Fourth, plaintiffs identify a March 16, 2009 blog (attached to the motion to amend as Doc. No. 11-1), which purports to be a news article prepared by an unknown individual discussing various encounters with Ohio Edison, and the author's views on the matters. One of the encounters discussed in the article involved Lisa Huff and the underlying personal injury action. The blog makes reference to an alleged taped conversation between Reggie Huff and an Ohio Edison employee. Plaintiffs suggest that this article places FirstEnergy defendants "in a poor light" and provides "motive" as to why Ohio Edison would not have wanted to risk a "publicized trial." (Doc. No. 11 at 2-3, Page ID #251-52.) Plaintiffs fail to demonstrate how any of the alleged facts set forth in this blog could be used to cure the deficiencies in the complaint. While plaintiffs suggest that the article shows that Ohio Edison is "indifferen[t] to the health and safety of the public" (Id.), this fact does not establish that FirstEnergy defendants engaged in the wrongdoing alleged in the complaint.

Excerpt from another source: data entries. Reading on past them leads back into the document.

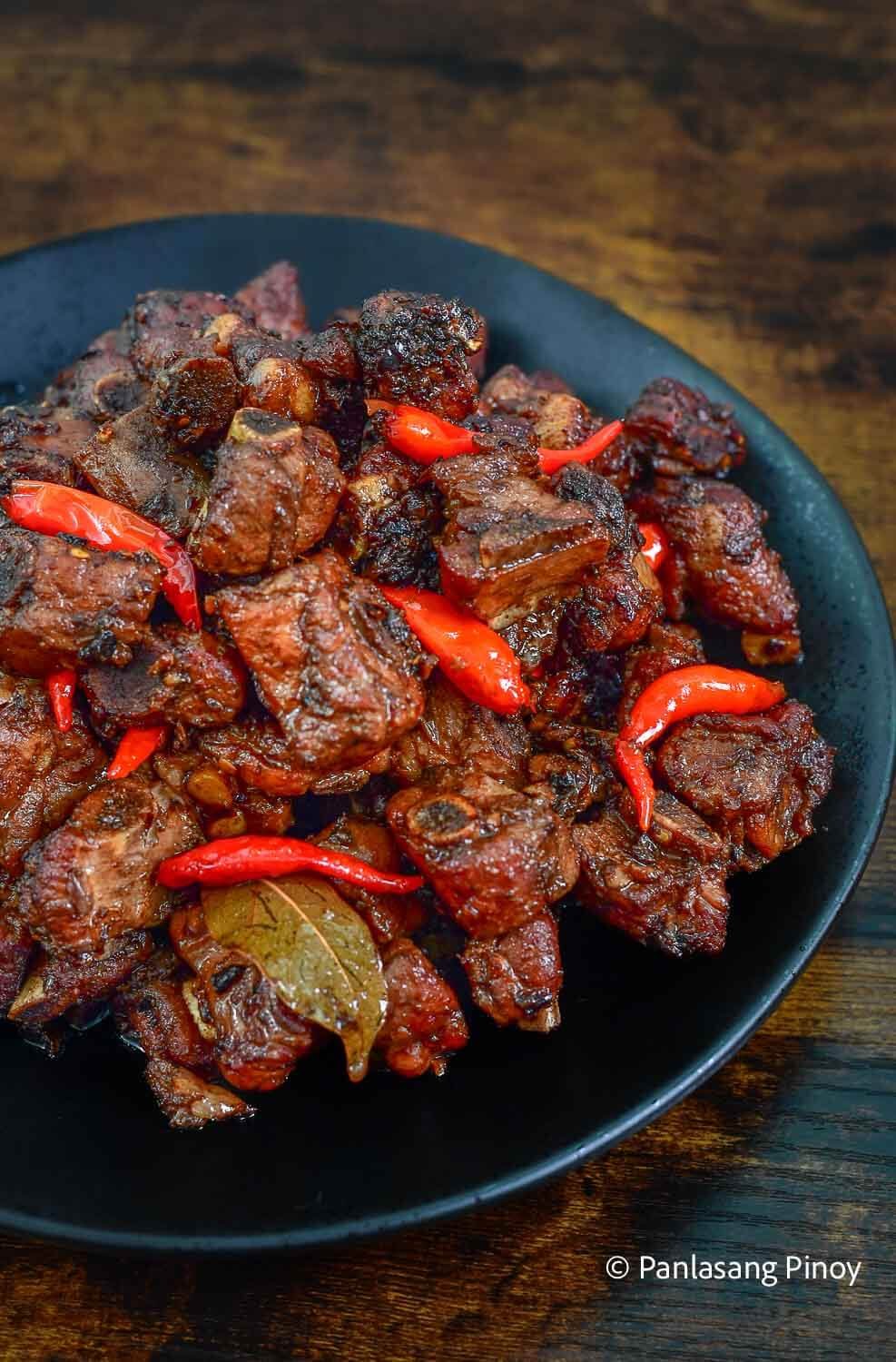 Tender pork ribs simmered in a savory spicy adobo sauce with soy sauce, vinegar, chili, and aromatics for a daring flavorful meal.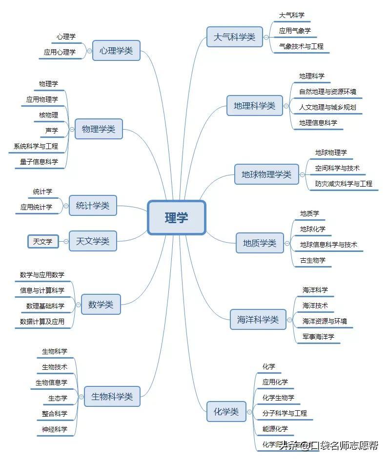理学门类下包含了12个专业类,数量还是比较多的,其中像数学、物理、化学都是基础学科,还有像跟地理相关的地理科学类、生物相关的生物科学类等等,都是大家会根据自己的学科喜好进行选择的专业方向。其中值得大家特别注意的是,心理学以及统计学类都是属于理学门类的,这点不要记混。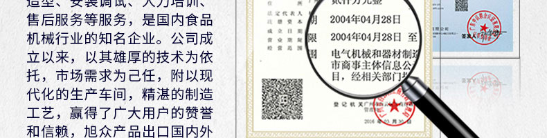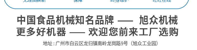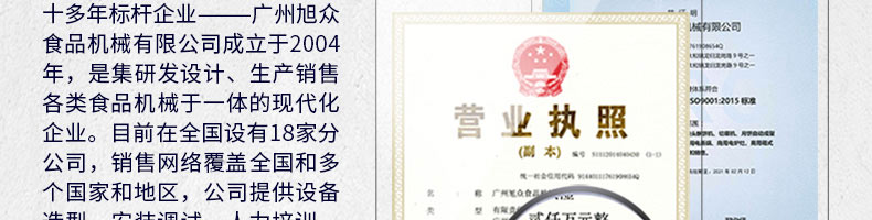 廣州旭眾食品機(jī)械有限公司是一家集科研開(kāi)發(fā),生產(chǎn)設(shè)計(jì),營(yíng)銷(xiāo)服務(wù)為一體的現(xiàn)代化生產(chǎn)企業(yè)?,F(xiàn)代化生產(chǎn)車(chē)間,精湛制造技術(shù),所產(chǎn)機(jī)械歷經(jīng)市場(chǎng)重重考驗(yàn),不斷贏得海內(nèi)外客戶的贊譽(yù)。

Moreover, the fact that Ohio Edison arguably received negative press in its dealings with the public does not bridge the gap between possible and plausible.
Fifth and finally, plaintiffs request leave to amend to include "some potentially material information about the Defendants' efforts to buy influence of the Ohio Supreme Court at the exact time the Court was to rule on discretionary jurisdiction in the Plaintiff's personal injury suit." (Doc.

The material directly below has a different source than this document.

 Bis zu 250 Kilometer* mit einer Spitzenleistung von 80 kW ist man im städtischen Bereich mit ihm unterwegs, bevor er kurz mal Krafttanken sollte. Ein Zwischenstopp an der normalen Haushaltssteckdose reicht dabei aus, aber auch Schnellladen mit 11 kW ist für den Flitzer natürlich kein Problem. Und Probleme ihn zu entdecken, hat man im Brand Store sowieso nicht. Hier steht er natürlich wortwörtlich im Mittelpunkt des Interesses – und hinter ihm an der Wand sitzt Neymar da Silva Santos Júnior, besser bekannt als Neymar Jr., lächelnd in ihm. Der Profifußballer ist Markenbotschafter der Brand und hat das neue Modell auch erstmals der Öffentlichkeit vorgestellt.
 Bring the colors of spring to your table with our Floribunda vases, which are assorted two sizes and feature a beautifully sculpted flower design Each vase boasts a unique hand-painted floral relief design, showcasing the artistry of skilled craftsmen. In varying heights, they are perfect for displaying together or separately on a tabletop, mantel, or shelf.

Ultimately, the Court finds that it would be futile to permit plaintiffs to amend their complaint. The proposed factual allegations in their motion to amend mirror those that have been found to be insufficient under Rule 8 and Rule 9(b). Such an amendment would not survive a motion to dismiss because the factual allegations offered do not state any claims for relief which are plausible, and do not, otherwise, cure the numerous deficiencies in the complaint set forth above. Accordingly, plaintiffs' motion to amend is DENIED.
For all of the foregoing reasons, FirstEnergy defendants' motion to dismiss is GRANTED. All claims in the complaint are hereby DISMISSED with prejudice.